[[ Recorded information, beginning ]]
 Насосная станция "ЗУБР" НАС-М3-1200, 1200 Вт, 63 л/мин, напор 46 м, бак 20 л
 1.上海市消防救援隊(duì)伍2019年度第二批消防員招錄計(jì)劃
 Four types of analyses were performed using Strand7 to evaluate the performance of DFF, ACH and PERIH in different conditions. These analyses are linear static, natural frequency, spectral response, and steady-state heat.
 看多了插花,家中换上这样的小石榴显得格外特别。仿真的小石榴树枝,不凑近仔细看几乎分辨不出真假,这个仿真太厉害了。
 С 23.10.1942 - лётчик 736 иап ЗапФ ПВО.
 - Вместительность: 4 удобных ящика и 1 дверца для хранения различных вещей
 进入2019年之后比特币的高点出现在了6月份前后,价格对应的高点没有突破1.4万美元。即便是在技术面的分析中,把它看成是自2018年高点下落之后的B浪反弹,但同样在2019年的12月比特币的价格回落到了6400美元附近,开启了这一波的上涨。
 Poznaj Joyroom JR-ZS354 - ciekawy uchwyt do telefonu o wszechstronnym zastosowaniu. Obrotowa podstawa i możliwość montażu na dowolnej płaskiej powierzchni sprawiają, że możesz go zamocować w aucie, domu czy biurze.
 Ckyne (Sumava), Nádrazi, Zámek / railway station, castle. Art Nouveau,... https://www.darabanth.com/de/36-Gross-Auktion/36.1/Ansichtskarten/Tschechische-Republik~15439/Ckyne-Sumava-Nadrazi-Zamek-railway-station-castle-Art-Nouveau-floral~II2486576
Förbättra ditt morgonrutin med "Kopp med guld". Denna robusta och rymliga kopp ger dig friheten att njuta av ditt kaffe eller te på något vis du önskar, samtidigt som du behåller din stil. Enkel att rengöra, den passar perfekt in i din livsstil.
[[ Recorded information, end ]]
[[ Recorded information, beginning ]]
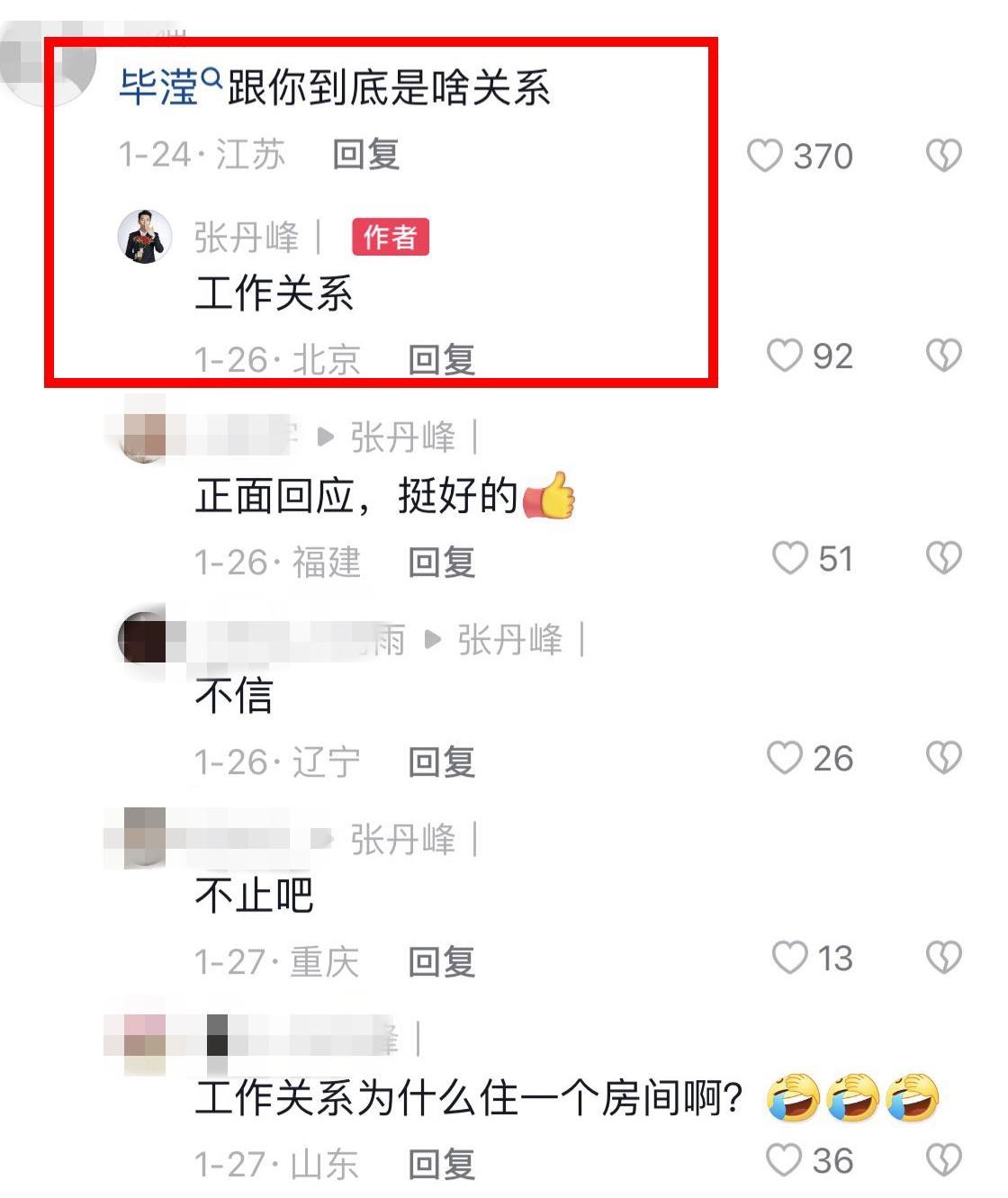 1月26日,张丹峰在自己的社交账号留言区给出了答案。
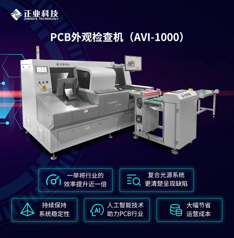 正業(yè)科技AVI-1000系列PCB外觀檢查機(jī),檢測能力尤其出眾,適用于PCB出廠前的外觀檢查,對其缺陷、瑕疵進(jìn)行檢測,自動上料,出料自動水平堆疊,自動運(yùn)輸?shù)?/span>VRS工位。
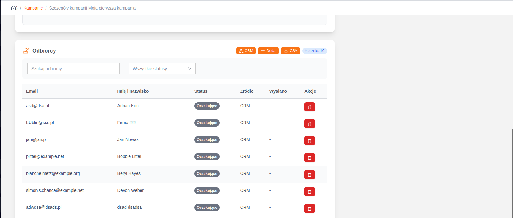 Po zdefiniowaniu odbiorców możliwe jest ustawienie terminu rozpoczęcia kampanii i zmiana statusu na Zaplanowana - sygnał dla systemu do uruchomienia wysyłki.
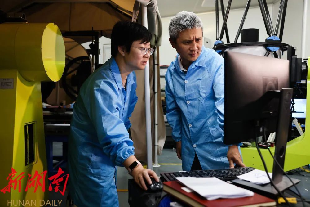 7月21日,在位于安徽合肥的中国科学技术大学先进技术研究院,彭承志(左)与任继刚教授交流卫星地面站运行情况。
[[ Recorded information, end ]]
[[ Recorded information, beginning ]]
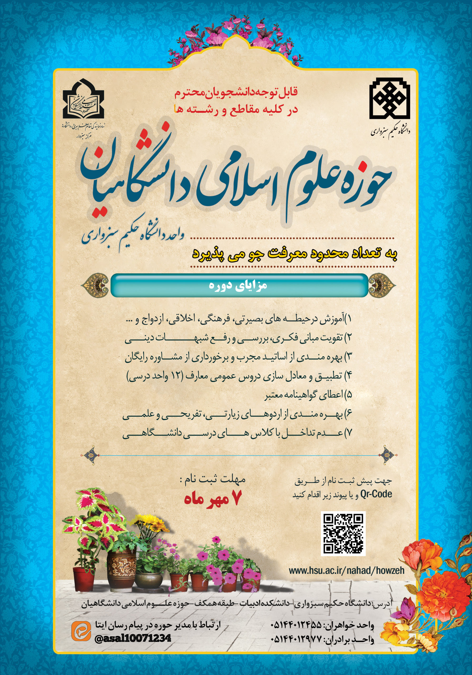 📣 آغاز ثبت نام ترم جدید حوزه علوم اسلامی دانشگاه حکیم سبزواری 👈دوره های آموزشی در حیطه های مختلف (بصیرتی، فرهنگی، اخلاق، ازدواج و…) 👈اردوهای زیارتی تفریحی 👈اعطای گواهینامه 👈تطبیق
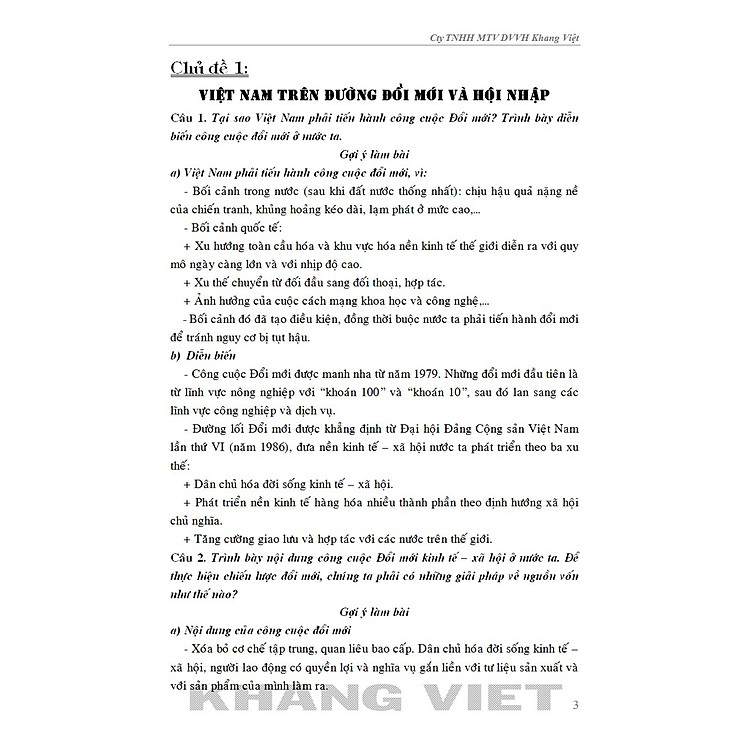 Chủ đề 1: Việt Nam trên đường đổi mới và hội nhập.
[[ Recorded information, end ]]
In the entries above, find the line with "м, бак 20 л" and the line with "Poznaj Joyroom JR-ZS354", then restate word for word both of them and every line between, with nothing more.

 Насосная станция "ЗУБР" НАС-М3-1200, 1200 Вт, 63 л/мин, напор 46 м, бак 20 л
 1.上海市消防救援隊(duì)伍2019年度第二批消防員招錄計(jì)劃
 Four types of analyses were performed using Strand7 to evaluate the performance of DFF, ACH and PERIH in different conditions. These analyses are linear static, natural frequency, spectral response, and steady-state heat.
 看多了插花,家中换上这样的小石榴显得格外特别。仿真的小石榴树枝,不凑近仔细看几乎分辨不出真假,这个仿真太厉害了。
 С 23.10.1942 - лётчик 736 иап ЗапФ ПВО.
 - Вместительность: 4 удобных ящика и 1 дверца для хранения различных вещей
 进入2019年之后比特币的高点出现在了6月份前后,价格对应的高点没有突破1.4万美元。即便是在技术面的分析中,把它看成是自2018年高点下落之后的B浪反弹,但同样在2019年的12月比特币的价格回落到了6400美元附近,开启了这一波的上涨。
 Poznaj Joyroom JR-ZS354 - ciekawy uchwyt do telefonu o wszechstronnym zastosowaniu. Obrotowa podstawa i możliwość montażu na dowolnej płaskiej powierzchni sprawiają, że możesz go zamocować w aucie, domu czy biurze.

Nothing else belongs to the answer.